Overall Conclusion:
After all our model tests had been completed, we discovered that the multiple linear regressions did not perform as well as we wanted. After further evaluation, we determined that out of all tests run, the three best results were from our 5th, 6th, and 7th Neural Network tests, with R2 scores of 56.535%, 58.178%, 59.190% respectively. These neural networks had 3 or 4 densely-connected layers of 30 perceptrons with ReLU activation functions.
Improvements:
As we progressed through our testing, there were several minor problems that we encountered: There could have been some extraneous outliers that messed with our data, a new tuner would have been better, or the data set was just an overal bad fit.

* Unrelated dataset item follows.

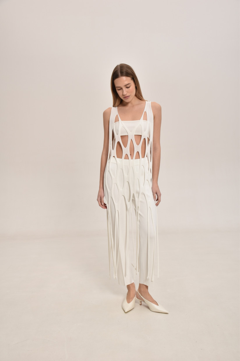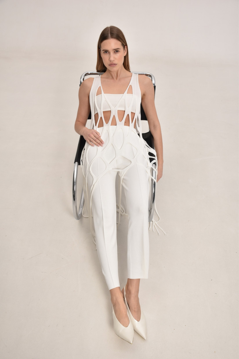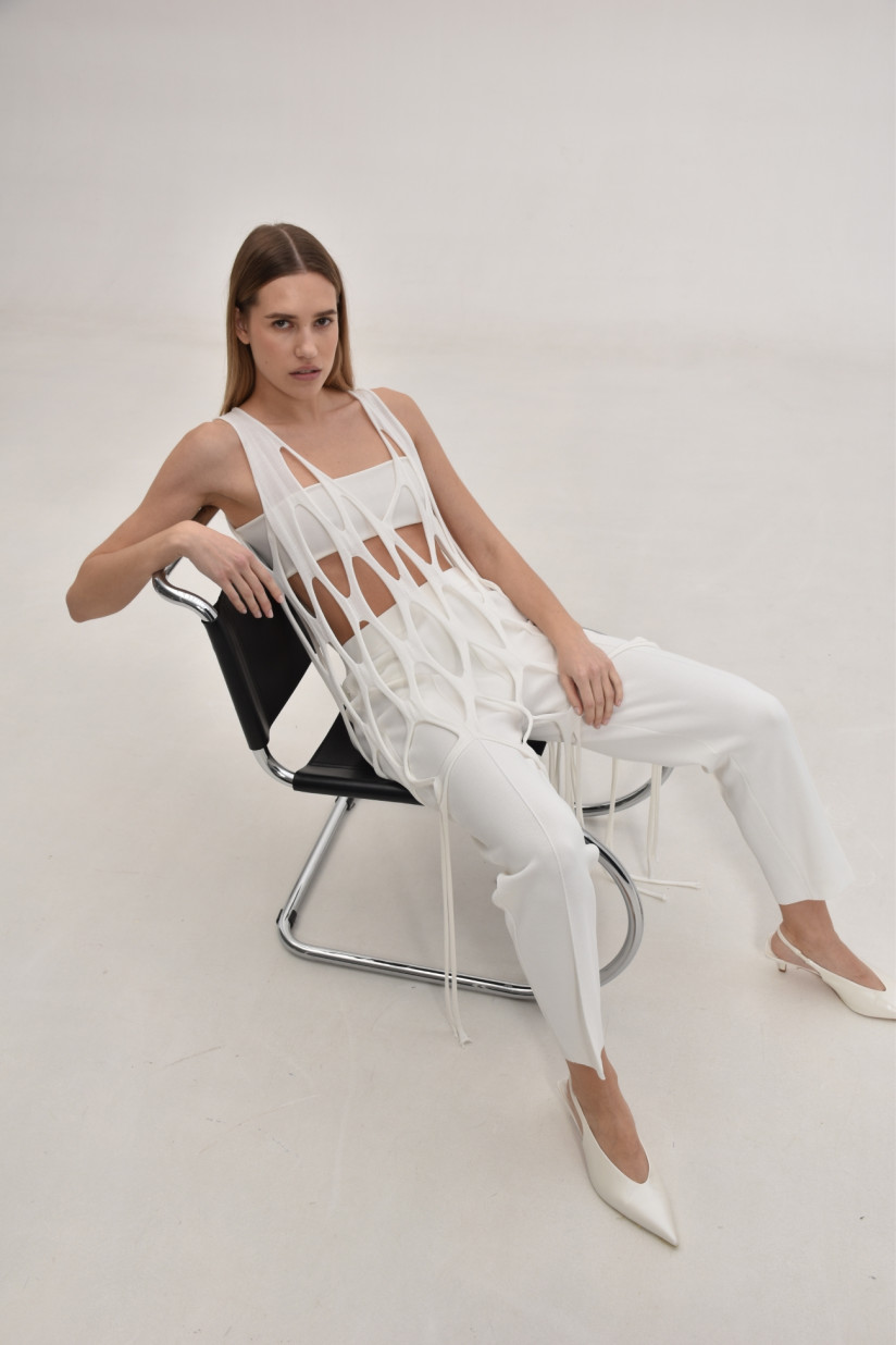 Трикотажні штани з віскози, пояс на гумці, стрілка швом спереду і ззаду моделі. Легкі, шовковисті брюки, що злегка завужуються донизу, - основа у весняному гардеробі. Незалежно від того, що ви надягнете - об'ємну чоловічу сорочку і човники, або піджак і ботильйони, або футболку, трикотажний кардиган і масивні кросівки - образ однозначно буде елегантним.

1. Our data set may have not been a good fit for machine learning. It is probable that there were other factors that influenced the data that were not captured in the original data set. The physical characteristics do not, by themselves, explain all of the variance in the data set.
2. A different tuner could have been implemented if there had been more time for us to work with the Keras Tuner to have gotten a more conclusive result.
3. Even with the ETL process, there were still several data "shenanigans" that could have skewed the entire data, e.g., a 0.5mm shell length. The numbers from the data set on UC, Irvine's website did not seem to make much sense with the units given (mm and grams). It didn't seem that the values had been converted into other units. We aren't sure why the values and units don't seem to match. This would be something we would want to look into further if we had more time.
Overall Thoughts:
While we did not achieve the strong predictive scores what we had sought, the process of utilizing machine learning to try and make a positive, real-life impact on the world, even for something as small and niche as abalone shells, was informative and helped us incorporate and apply the skills
that we have learned in this course.